Loads Document from Cloud Storage.

Parameters
NameDescription
gcs_bucket_name str

Required. The gcs bucket. Format: Given gs://{bucket_name}/{optional_folder}/{operation_id}/ where gcs_bucket_name={bucket_name}.

gcs_prefix str

Required. The prefix to the location of the target folder. Format: Given gs://{bucket_name}/{optional_folder}/{target_folder} where gcs_prefix={optional_folder}/{target_folder}.

gcs_input_uri str

Optional. The gcs uri to the original input file. Format: gs://{bucket_name}/{optional_folder}/{target_folder}/{file_name}.pdf

Returns
TypeDescription
DocumentA document from gcs.

get_entity_by_type

get_entity_by_type(
    target_type: str,
) -> typing.List[google.cloud.documentai_toolbox.wrappers.entity.Entity]

Returns the list of Entities of target_type.

Parameter
NameDescription
target_type str

Required.
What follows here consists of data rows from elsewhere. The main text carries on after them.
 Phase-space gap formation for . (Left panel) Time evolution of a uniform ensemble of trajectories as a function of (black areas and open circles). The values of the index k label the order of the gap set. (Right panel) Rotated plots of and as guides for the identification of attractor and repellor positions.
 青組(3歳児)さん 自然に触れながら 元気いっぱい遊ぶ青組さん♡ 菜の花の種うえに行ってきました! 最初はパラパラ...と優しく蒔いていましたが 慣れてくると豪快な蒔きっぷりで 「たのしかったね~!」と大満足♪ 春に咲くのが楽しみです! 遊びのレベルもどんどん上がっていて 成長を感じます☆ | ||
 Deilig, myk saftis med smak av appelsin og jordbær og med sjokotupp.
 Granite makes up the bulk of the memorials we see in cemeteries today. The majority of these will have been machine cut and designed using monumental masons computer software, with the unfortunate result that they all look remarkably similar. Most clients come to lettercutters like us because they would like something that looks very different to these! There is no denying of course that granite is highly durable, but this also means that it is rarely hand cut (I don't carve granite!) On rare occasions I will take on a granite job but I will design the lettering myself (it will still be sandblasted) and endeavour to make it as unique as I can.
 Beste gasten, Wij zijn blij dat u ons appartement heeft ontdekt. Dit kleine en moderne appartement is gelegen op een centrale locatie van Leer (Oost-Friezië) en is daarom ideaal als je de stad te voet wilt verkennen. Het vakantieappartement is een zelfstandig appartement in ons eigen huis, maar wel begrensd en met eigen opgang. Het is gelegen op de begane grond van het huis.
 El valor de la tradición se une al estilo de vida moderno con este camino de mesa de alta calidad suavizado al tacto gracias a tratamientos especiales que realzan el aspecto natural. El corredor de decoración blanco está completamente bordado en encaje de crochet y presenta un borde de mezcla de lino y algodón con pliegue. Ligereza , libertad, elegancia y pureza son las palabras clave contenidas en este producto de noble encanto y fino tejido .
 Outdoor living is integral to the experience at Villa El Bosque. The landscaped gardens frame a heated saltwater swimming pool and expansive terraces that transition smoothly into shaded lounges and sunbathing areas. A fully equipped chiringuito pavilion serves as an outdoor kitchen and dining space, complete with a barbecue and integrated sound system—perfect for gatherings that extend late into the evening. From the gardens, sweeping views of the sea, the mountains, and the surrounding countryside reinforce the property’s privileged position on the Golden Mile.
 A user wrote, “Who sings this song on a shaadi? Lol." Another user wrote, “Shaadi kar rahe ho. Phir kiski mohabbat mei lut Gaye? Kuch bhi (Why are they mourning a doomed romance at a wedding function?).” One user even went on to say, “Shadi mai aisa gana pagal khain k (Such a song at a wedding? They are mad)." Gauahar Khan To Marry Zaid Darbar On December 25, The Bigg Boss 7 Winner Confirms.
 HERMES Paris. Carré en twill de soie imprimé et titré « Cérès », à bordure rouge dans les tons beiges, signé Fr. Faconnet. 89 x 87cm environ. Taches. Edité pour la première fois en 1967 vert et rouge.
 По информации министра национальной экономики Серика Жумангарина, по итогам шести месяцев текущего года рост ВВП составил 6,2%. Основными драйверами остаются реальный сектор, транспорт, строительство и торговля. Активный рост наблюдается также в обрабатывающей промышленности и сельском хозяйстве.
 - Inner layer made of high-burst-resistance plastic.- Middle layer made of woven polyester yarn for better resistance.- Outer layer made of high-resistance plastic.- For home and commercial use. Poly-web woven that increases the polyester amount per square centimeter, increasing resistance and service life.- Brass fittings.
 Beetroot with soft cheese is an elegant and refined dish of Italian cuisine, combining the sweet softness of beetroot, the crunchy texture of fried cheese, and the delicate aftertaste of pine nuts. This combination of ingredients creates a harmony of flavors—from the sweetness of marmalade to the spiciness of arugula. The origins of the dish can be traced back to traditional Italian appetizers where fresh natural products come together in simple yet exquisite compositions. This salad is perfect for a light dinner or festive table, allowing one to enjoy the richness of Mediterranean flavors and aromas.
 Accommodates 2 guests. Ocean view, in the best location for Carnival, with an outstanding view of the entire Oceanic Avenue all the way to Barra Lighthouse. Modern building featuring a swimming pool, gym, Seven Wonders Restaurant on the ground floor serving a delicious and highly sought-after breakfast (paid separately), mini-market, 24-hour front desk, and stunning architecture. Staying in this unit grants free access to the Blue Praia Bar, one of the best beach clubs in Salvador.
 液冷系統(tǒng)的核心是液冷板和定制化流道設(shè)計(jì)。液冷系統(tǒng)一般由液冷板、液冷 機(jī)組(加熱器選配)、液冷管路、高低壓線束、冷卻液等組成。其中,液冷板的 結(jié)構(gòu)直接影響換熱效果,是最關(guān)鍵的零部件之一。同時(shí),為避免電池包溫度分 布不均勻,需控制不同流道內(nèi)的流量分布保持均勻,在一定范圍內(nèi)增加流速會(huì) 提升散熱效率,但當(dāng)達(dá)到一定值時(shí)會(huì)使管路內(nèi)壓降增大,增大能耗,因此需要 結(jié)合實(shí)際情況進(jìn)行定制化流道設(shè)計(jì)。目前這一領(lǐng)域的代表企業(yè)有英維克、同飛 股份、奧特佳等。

Target entity type.

Returns
TypeDescription
List[Entity]A list of Entity matching target_type.

get_form_field_by_name

get_form_field_by_name(
    target_field: str,
) -> typing.List[google.cloud.documentai_toolbox.wrappers.page.FormField]

Returns the list of FormFields named target_field.

Parameter
NameDescription
target_field str

Required. Target field name.

Returns
TypeDescription
List[FormField]A list of FormField matching target_field.

search_pages

search_pages(
    target_string: typing.Optional[str] = None, pattern: typing.Optional[str] = None
) -> typing.List[google.cloud.documentai_toolbox.wrappers.page.Page]

Returns the list of Pages containing target_string or text matching pattern.

Parameters
NameDescription
target_string Optional[str]

Optional. target str.

pattern Optional[str]

Optional. regex str.

Returns
TypeDescription
List[Page]A list of Pages.

split_pdf

split_pdf(pdf_path: str, output_path: str) -> typing.List[str]

Splits local PDF file into multiple PDF files based on output from a Splitter/Classifier processor.

Parameters
NameDescription
pdf_path str

Required. The path to the PDF file.

output_path str

Required. The path to the output directory.

Returns
TypeDescription
List[str]A list of output pdf files.

to_merged_documentai_document

to_merged_documentai_document() -> (
    google.cloud.documentai_v1.types.document.Document
)

Exports a documentai.Document from the wrapped document with shards merged.

Returns
TypeDescription
documentai.DocumentDocument with all shards merged and text offsets applied.